Origins of Tequila
Between the History and the Legend
For how long has tequila existed? It is difficult to provide an exact date. However, we can rightfully claim that, as a self-respecting Mexican spirit, tequila has a Mestizo origin, given its wonderful blend of pre-Columbian and Spanish traditions.
The oldest references to the use of Agave in our country go back to the pre-Columbian cultures and peoples of Mesoamèrica. Agave had myriad uses including: making beams, nails, roofs, and fences for household maintenance; it made useful threads, needles, and pins for mending and making clothes; and it was used in remedies to purify the kidneys and erase markings on the skin. Indigenous people used the Agave for these and many other purposes according to the chronicles that have survived to this day.

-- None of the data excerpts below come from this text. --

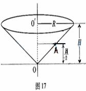 13、(12分)如图所示,一个竖直放置的圆锥筒可绕其中心OO′转动,筒内壁粗糙,筒口半径和筒高分别为R和H,筒内壁A点的高度为筒高的一半。内壁上有一质量为m的小物块。求
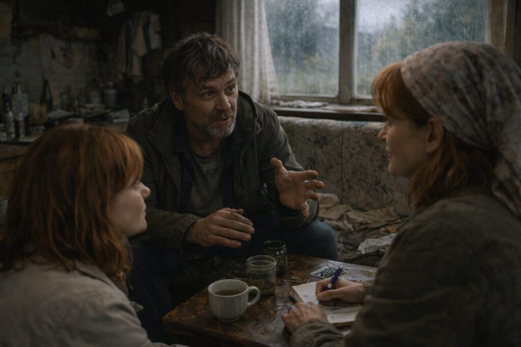 Он долго молчал. Смотрел в окно, где серое небо сливалось с серой землёй. Потом заговорил — медленно, тяжело, словно каждое слово давалось с трудом.
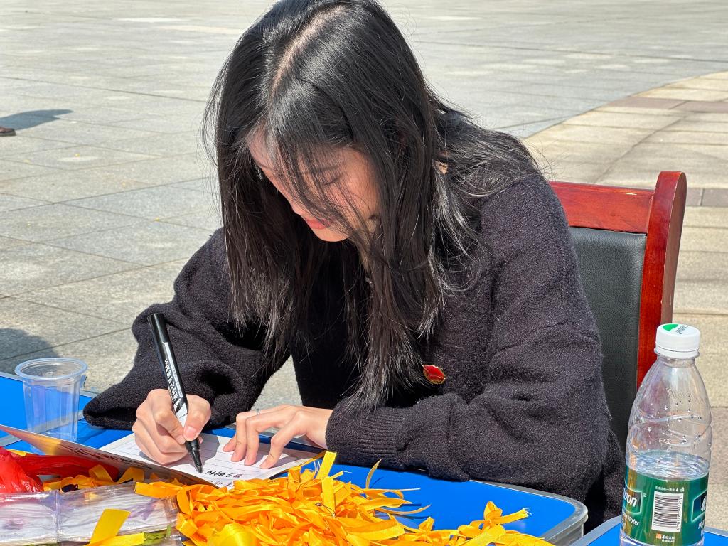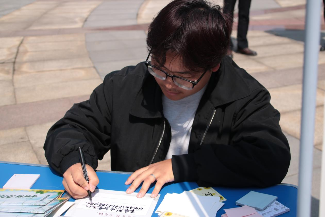 活动最同学们在“英雄,我想对你说”展区写上自己想要说的寄语卡,寄语卡上字迹飞扬,每一笔都凝聚着青春的热忱与力量。
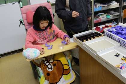 担当の先生や仲間とコミュニケーションを取りながら,指先に気持ちを集中して一生懸命に製作していました。
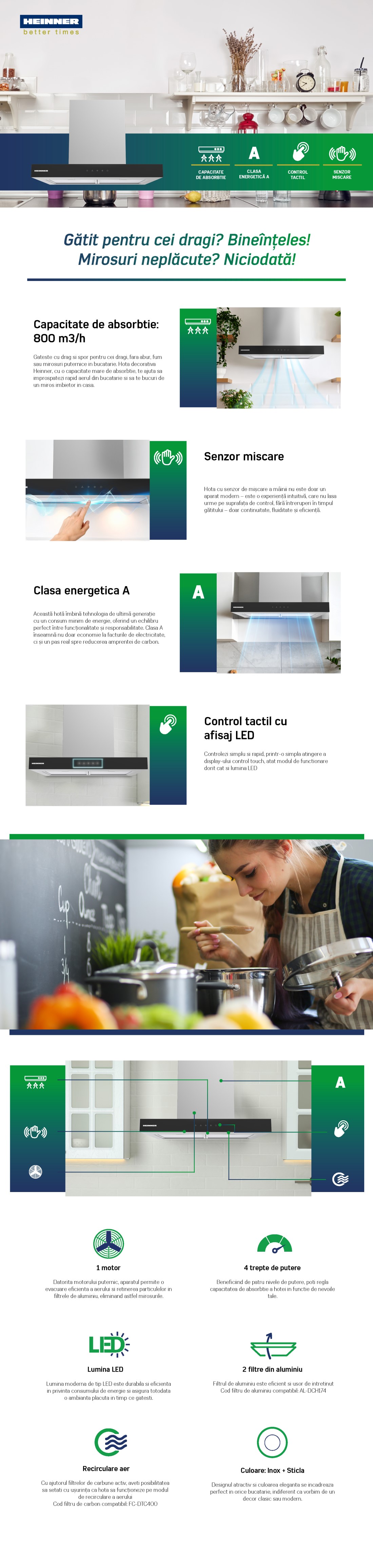 HOTA DECORATIVA HEINNER HDCH-MD60TIX, 60CM, DESIGN "T-SHAPE", PUTERE MAXIMA DE ABSORBTIE: 800 M³/H, 4 TREPTE DE VITEZA, MOTOR: 1 X 250W, LUMINA LED: 2 X 1.5W, 2 FILTRE ALUMINIU, CONTROL TOUCH, SENZOR MISCARE, DIAMETRU TUB EVACUARE: 150MM, DIMENSIUNI (LXAXI): 60X50X45 CM, CULOARE: INOX+STICLA NEAGRA
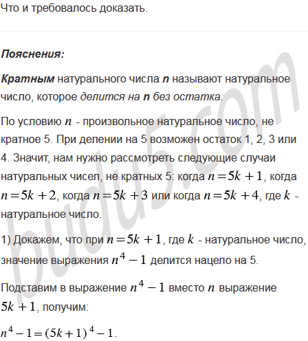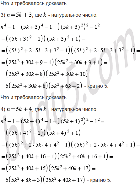 Докажите, что при любом натуральном значении , не кратном 5, значение выражения делится нацело на 5.

In the minds of pre-Columbians, such a useful and beneficial plant could only be of divine origin. According to Nahuatl spirituality, the Agave or Maguey represented the goddess Mayahuel-a divinity that possessed four hundred breasts to nurture its four hundred offspring; and the Centzon Totochtin, or divinities of drunkenness, which were an object of worship among the peoples of the Mesoamerican high plateau.
From Metl, the Nahuatl word for Agave, pre-Columbian societies obtained a ritual spirit, the Pulque, which was appreciated not only for its ceremonial character but also for its nutritional and restorative attributes. Not just anyone could enjoy Pulque; for instance only the elderly, pregnant women, the ill, those sentenced to death and, in some occasions, warriors preparing for battle drank it.
Let us briefly explain the methods used by ancient Mexicans to obtain spirits from the Agave. One of the most common techniques used for producing Pulque has lasted throughout the centuries. The method consisted of cutting and carving the cone of the plant so its juices would flow into an open cavity. The obtained liquid, called Aguamiel, or mead by the Spaniards, was crystalline and viscous, sweet and refreshing. The juice would undergo fermentation within a few hours, acquiring a pearly colour and alcoholic properties.
Another system used in obtaining liquid from the Agaves involved cooking the cones of the plant in underground ovens. The process resulted in a sweet juice, which, once fermented, acquired an intoxicating quality.